Rothemund's "scaffolded origami" involves folding long, single strands of DNA into arbitrary two-dimensional shapes using a raster fill technique. DNA "helper" strands fold the scaffold into the proper formation. Design and synthesis are so simple that even a high school student could do it, he said, but that doesn't mean some automated CAD tools aren't needed.
"In making these shapes, I did a lot of things manually," Rothemund said. "I used the computer as glorified graph paper and determined the architecture of the design by hand." There's a lot of room for optimization in the design of DNA sequences, he noted.
The potential benefits of DNA self-assembly were further demonstrated in a paper presented by Chris Dwyer, assistant professor of electrical and computer engineering at Duke University. His work involves shaping DNA strands into self-assembled grids that could potentially produce patterns relevant to logic circuitry.
Dwyer's price is hard to beat. His paper said he was able to generate 1012 to 1014 structures for a materials cost of $40, with approximately 60 percent yield. This can be done in a 60-microliter reaction volume. "The technology is here, and it's time to start thinking about architectures and systems," Dwyer said.

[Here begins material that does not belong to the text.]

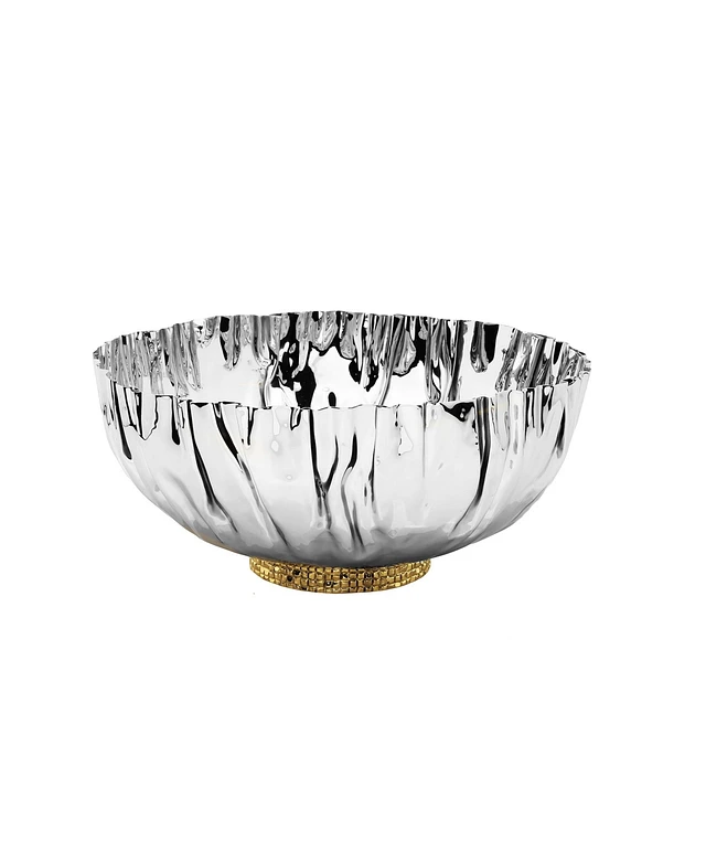 Classic Touch Stainless Steel Crumpled Bowl with Gold-Tone Mosaic Base

His research group currently has tools for cluster-based sequence optimization, layout and assembly. Dwyer's "wish list" includes yield-aware design optimization, refined device models and better, automated full-custom layout.
CAD for lab-on-a-chip
One of the most futuristic nanodevices is the biofluidic microchip, which includes lab-on-a-chip devices that can take a fluid sample and run a biochemical analysis. Portable analysis is the driving need, said Tamal Mukherjee, professor of electrical and computer engineering at Carnegie Mellon University.
"We eventually want to get to something like Mr. Spock and his tricorder," he said. With a lab-on-chip, Mukherjee noted, a user might be able to identify the virus that's making a child sick, transmit the DNA sequence to a pharmacy and get the correct treatment right away.
Some lab-on-chip devices transfer droplets using electrical fields. Others use pressure or voltage to move fluids through channels. Subsystems handle functions such as injection, mixing, separation and reaction. But it's a lot like system-on-chip design, Mukherjee said, in that it involves a limited set of library elements that are replicated many times.
Lab-on-chip designers must size microfluidic channels and determine electrokinetic drive voltages. The designers perform simulation, optimization, placement and routing. Mukherjee described a hierarchical decomposition approach that uses "Spice-like" code to assemble the design. It uses a library of parameterized models for wells, mixers, reactors, injectors, separators and splitters.
In addition to simulation and optimization, these models can be used to perform physical synthesis. Properties and constraints are used to floor-plan subsystems, determine placement of components such as wells and route subsystems to wells.
"We're focused at the circuit level," Mukherjee said. "We still haven't addressed architecture or protocol optimization."
Small world after all
From a CAD perspective, said Seth Goldstein, associate professor of electrical and computer engineering at Carnegie Mellon University, it's not so much the technology that's important it's the revolution in system design made possible by the availability of massive numbers of nanoscale devices.
Because we'll have so many devices, Goldstein said, it's inevitable that reconfigurable computing will be needed to speed time-to-market and reduce manufacturing costs. Asynchronous architectures will reduce power, solve timing problems and aid defect tolerance. Spatial computing, which optimizes for wires at the expense of using more computational nodes, will reduce power and wire delay.
This scenario calls for significant new EDA developments, including very high-level synthesis and tools that can handle asynchronous design. "There's no reason at all that humans should be involved in the verification process from models on down," Goldstein said.
Such statements make it clear that the real design challenge for nanotechnology is not RLC modeling for carbon nanotubes, but figuring out how to take billions of devices and build something useful quickly.